Opinion
92294
Decided and Entered: January 23, 2003.
Appeal from a decision of the Unemployment Insurance Appeal Board, filed September 26, 2001, which ruled that claimant was disqualified from receiving unemployment insurance benefits because his employment was terminated due to misconduct.
Richard Mercurio, Webster, appellant pro se.
Eliot Spitzer, Attorney General, New York City (Linda D. Joseph of counsel), for respondent.
Before: Cardona, P.J., Mercure, Rose, Lahtinen and Kane, JJ.
MEMORANDUM AND ORDER
Claimant was employed for approximately 15 months as the general marketing and sales manager of a television station in the City of Rochester, Monroe County. During this employment, he was admonished to alter his rude and disrespectful conduct toward his coworkers and clients. After it came to light that claimant had repeatedly aired certain commercial advertisements for his personal businesses without the approval of the station owners, he was directed to take the advertising off the air. His belligerent and insubordinate reaction to this direction resulted in his discharge.
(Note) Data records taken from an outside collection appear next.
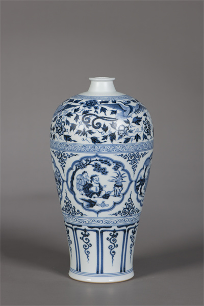 作品通体以青花绘制,分别绘有中国古代四位高士闲情逸致、恬静自然场景的四组画面情景交融,造型优美,充分体现中国瓷坛闻名遐迩元代青花瓷的艺术魅力。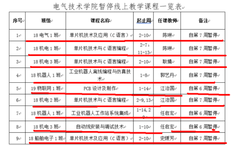 1、本周根据电气技术学院课程调整计划,共有陈琳老师的《单片机技术就应用》等9门课程停课,停课的课程信息如下:
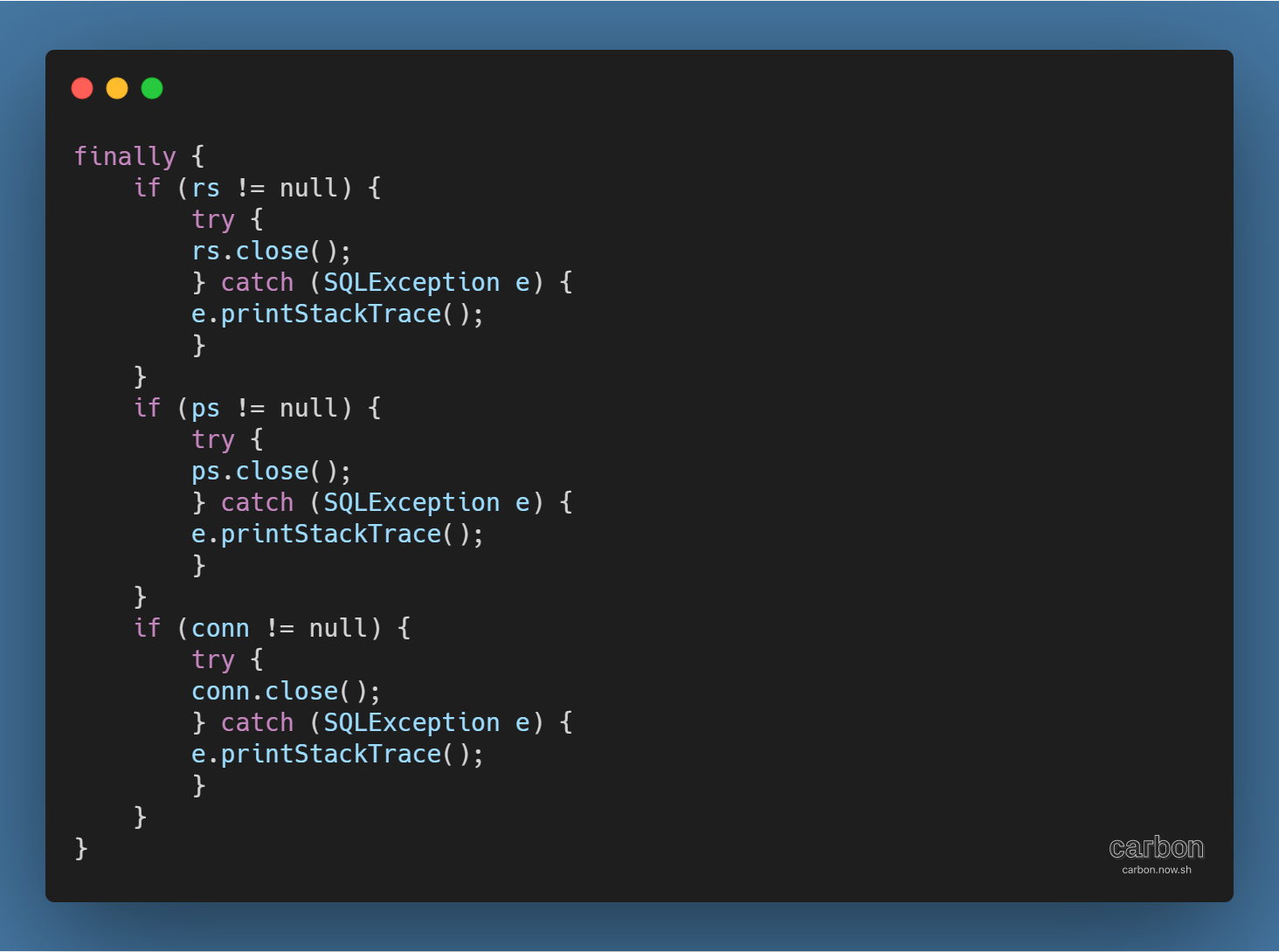 - conn, ps, rs 객체는 자신의 역할을 수행한 뒤에 닫아줘야 함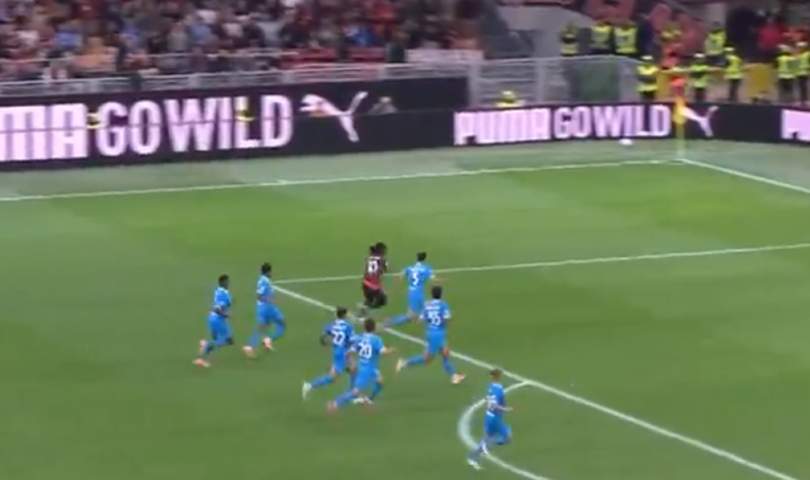 Имено, во обид за контра по еден прекин во 84. минута со топка напред тргна Рафаел Леао. Поругалецот освен што немаше вистинска поддршка од уморните соиграчи, кога стигна во противничкото поле околу него имаше седум фудбалери на Наполи, плус голманот Мерет меѓу стативите.

Substantial evidence in the record supports the decision of the Unemployment Insurance Appeal Board finding that claimant lost his employment under disqualifying circumstances. An employee who engages in argumentative and disruptive conduct in the workplace may be found guilty of disqualifying misconduct, especially in cases such as the instant matter, where claimant was repeatedly warned to refrain from such conduct (see Matter of Puente [Commissioner of Labor], 270 A.D.2d 555, lv dismissed 95 N.Y.2d 896; Matter of Crumel [Commissioner of Labor], 258 A.D.2d 803). To the extent that claimant's version of the events leading to his discharge conflicts with that given by the employer, this disparity presented an issue of credibility that lay within the province of the Board to resolve (see Matter of Schembri [Commissioner of Labor], 252 A.D.2d 717). Claimant's remaining contentions have been reviewed and found to lack merit.
Cardona, P.J., Mercure, Rose, Lahtinen and Kane, JJ., concur.
ORDERED that the decision is affirmed, without costs.